### DIRECTIONS
Copy out the data that comes next, character for character, and leave the images aside.

[[ INPUT DATA open ]]

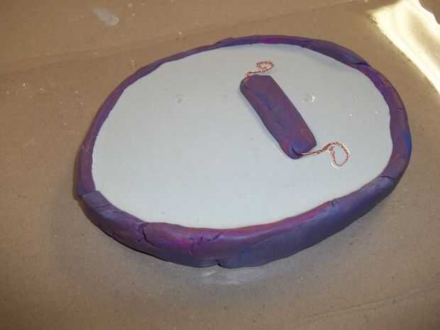- Deje caer el conjunto de suspensión en el yeso hacia la parte superior y centrado. Presione los cables que se extiende fuera de la arcilla en el yeso. De yapa, pulse otra vez.
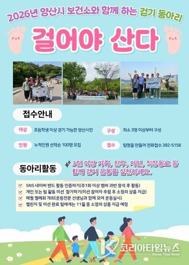 코리아타임뉴스 의료보건팀 | 양산시는 시민의 신체활동 증진과 건강한 생활습관 형성을 위한 ‘걷기 동아리’참여 팀을 3월 3일부터 모집한다고 밝혔다.
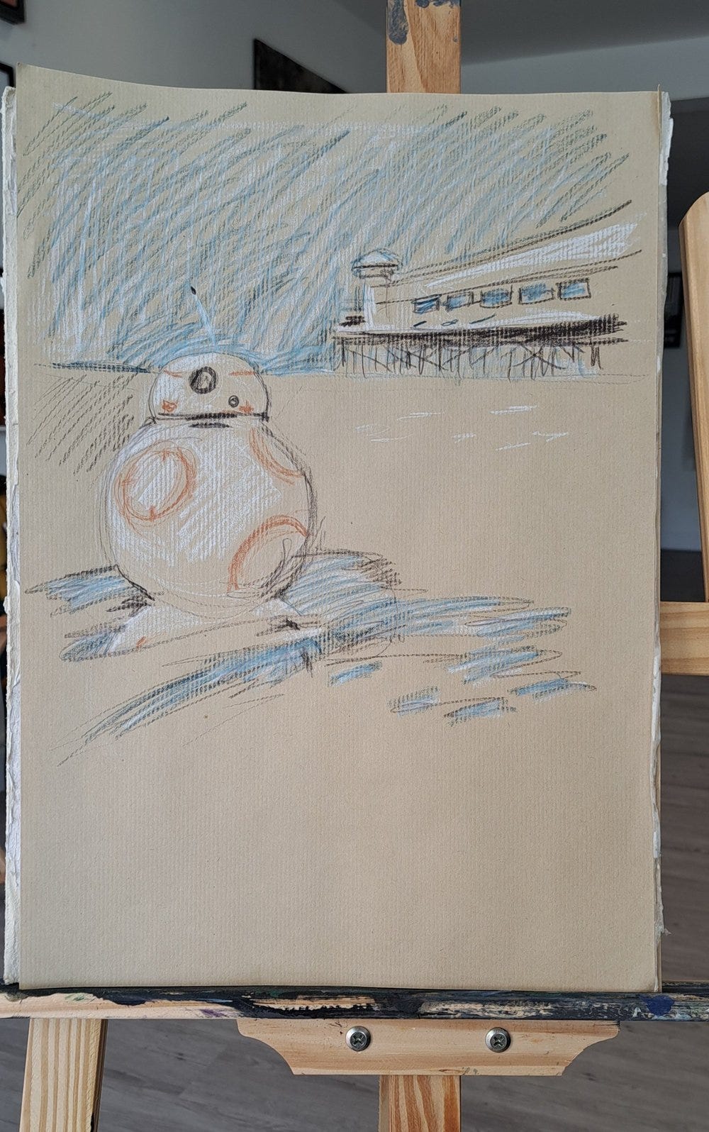 Start with a composition sketch - even a tiny monochrome thumbnail helps, particularly when reflections are a feature that you want to make room for. This sketch was an investment of a few minutes, allowing me to consciously design the composition. It saves time if you start painting knowing the size and position of key elements, in this case the Grand Pier in Weston super Mare, BB8 (Star Wars character), and the puddles on the sand. The reflection was intended as a feature, so you can see I left plenty area below BB8 in anticipation. This kraft paper and sketching technique are SO useful for getting information down quickly. see my boost your sketching blog for more info and links to materials.
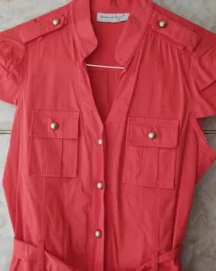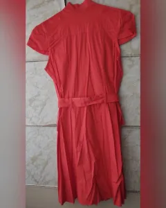 Vestido casual liguero, color coral, tipo camisa, con manga corta. Excelente estado sin usar

[[ INPUT DATA closed ]]

### OUTPUT FOR THIS EXERCISE
- Deje caer el conjunto de suspensión en el yeso hacia la parte superior y centrado. Presione los cables que se extiende fuera de la arcilla en el yeso. De yapa, pulse otra vez.
 코리아타임뉴스 의료보건팀 | 양산시는 시민의 신체활동 증진과 건강한 생활습관 형성을 위한 ‘걷기 동아리’참여 팀을 3월 3일부터 모집한다고 밝혔다.
 Start with a composition sketch - even a tiny monochrome thumbnail helps, particularly when reflections are a feature that you want to make room for. This sketch was an investment of a few minutes, allowing me to consciously design the composition. It saves time if you start painting knowing the size and position of key elements, in this case the Grand Pier in Weston super Mare, BB8 (Star Wars character), and the puddles on the sand. The reflection was intended as a feature, so you can see I left plenty area below BB8 in anticipation. This kraft paper and sketching technique are SO useful for getting information down quickly. see my boost your sketching blog for more info and links to materials.
 Vestido casual liguero, color coral, tipo camisa, con manga corta. Excelente estado sin usar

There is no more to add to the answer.